Education has been a big focus of mine ever since I became a politician, because the current state of education in New Zealand is alarming and it is only getting worse.

School achievement has been in decline for the last thirty years and a recent NCEA pilot exposed just how far it has fallen.

Two thirds of secondary school students failed to meet minimum standards in reading, writing and maths, while 98 per cent of Decile One Year 10 students failed a basic writing test.

This is utterly unacceptable.

When I became Leader of the National Party, I mentioned my aspirations to lift New Zealand’s education and bring it back to what it once was.

New Zealand kids used to be among the top 10 in the world in maths, reading and science. This is no longer the case.

That is why last week I was proud to announce National’s ‘Teaching the Basics Brilliantly’ plan which will ensure every child has the skills they need in reading, writing, maths and science to set them up for further success.

Firstly, National will require all primary and intermediate schools to teach an hour of reading, an hour of writing and an hour on maths, on average, every day.

Children need the time to acquire knowledge, practice skills and master the basics so they stay with them for life.

Secondly, National will re-write the curriculum so it says what must be taught each year in reading, writing, maths and science to every year group in primary and intermediate schools.

Currently the curriculum is far too loose.

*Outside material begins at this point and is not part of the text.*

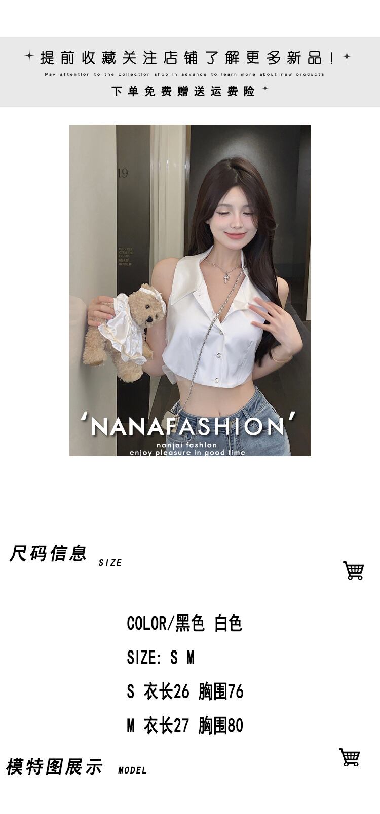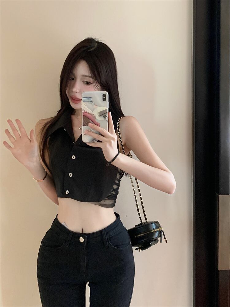 Sexy beautiful back niche design sense summer outerwear mesh short section open back hanging neck women's thin vest top ショート サマー 夏物 メッシュ nana67362609094 | modepoisson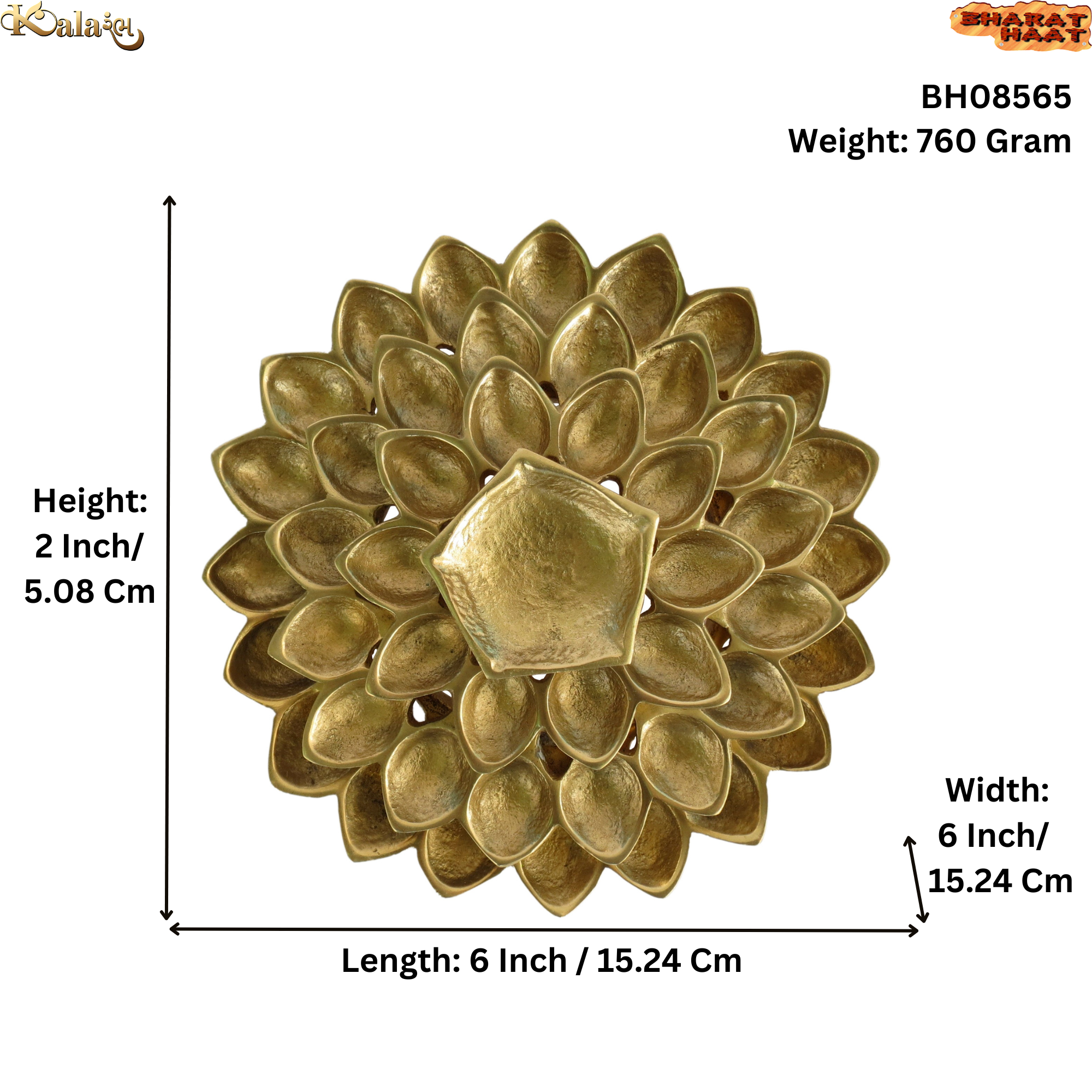 Brass Flower-Shaped Diya with 3 Round KBH08565

It does not give teachers clear guidance about what to teach, when.

Instead of being divided by years, it is grouped in “bands” spanning two to three school years.

National will get rid of the three-year bands, replacing them with explicit expectations of achievement and knowledge dissemination for each year group.

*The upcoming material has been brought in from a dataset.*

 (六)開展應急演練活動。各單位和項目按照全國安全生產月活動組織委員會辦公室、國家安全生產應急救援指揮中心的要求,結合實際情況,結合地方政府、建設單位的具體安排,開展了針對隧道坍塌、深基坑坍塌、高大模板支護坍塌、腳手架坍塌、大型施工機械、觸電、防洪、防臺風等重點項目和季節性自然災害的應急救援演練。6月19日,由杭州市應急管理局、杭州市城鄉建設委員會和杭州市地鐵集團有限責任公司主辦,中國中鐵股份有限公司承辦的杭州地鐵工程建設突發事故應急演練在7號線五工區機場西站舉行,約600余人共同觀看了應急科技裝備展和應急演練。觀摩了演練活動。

We will check children have learned what the curriculum says they should have learned, and we will keep parents informed about where their kids are up to.

Therefore, the third part of the plan requires schools to assess student progress in reading, writing and maths at least twice a year every year from Year 3 to Year 8, with clear reporting to parents

This will provide something we don’t have at the moment – a reliable, national picture of how New Zealand children are progressing at primary and intermediate school.

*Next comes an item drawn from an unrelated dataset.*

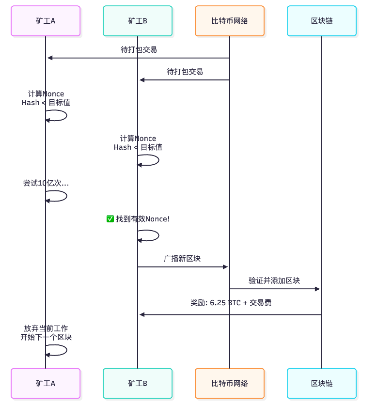 目标: 找到一个 Nonce,使得区块哈希小于目标值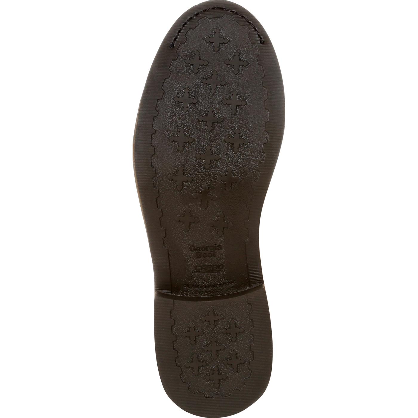 Georgia Boot Carbo-Tec Farm and Ranch pull-on boots have leather that's superior to the others on the market. The upper is hard-wearing SPR leather, a great material for dirty jobs because it's ready to take on caustic chemicals and common barnyard acids that dry out lesser leathers. SPR leather also is very soft and is broken in right out of the box. Comfortable work boots are important when you work long hours. These 11-inch wellington boots have the patented Comfort Core insole. It cushions your foot and pushes air through the insole with every step. The fiberglass shank provides arch support. The Carbo-Tec outsole is highly flexible so you can move with ease. It also resists chemicals, slips and oil.

At the moment, the first national test for numeracy and literacy is not until NCEA. Until then, we are flying almost completely blind.

Finally, National will ensure that teachers and trainee teachers spend more time learning how to teach the basics.

We will also provide them with more classroom tools and lesson plans to help them teach reading, writing, maths and science.

We will set a target of 80 per cent of Year 8 students being at or above the expected curriculum level for their age in reading, writing, maths and science, and also aim to have New Zealand back in the top 10 world rankings by 2030.

The day after I made our education announcement, I had the pleasure to visit my old school – Cockle Bay Primary School right here in Botany.

This school gave me a great grounding in writing, reading, maths and science. It got me off to a great start and made me feel positive about school and learning.

I am ambitious for New Zealand children. School achievement has declined under successive governments, but a National government I lead will stop that decline.

National’s plan will benefit the whole country, but the real winners will be the kids who one day have the chance to realise their potential and lead the life they want because, regardless of where they came from, or where they lived, their teachers taught the basics brilliantly.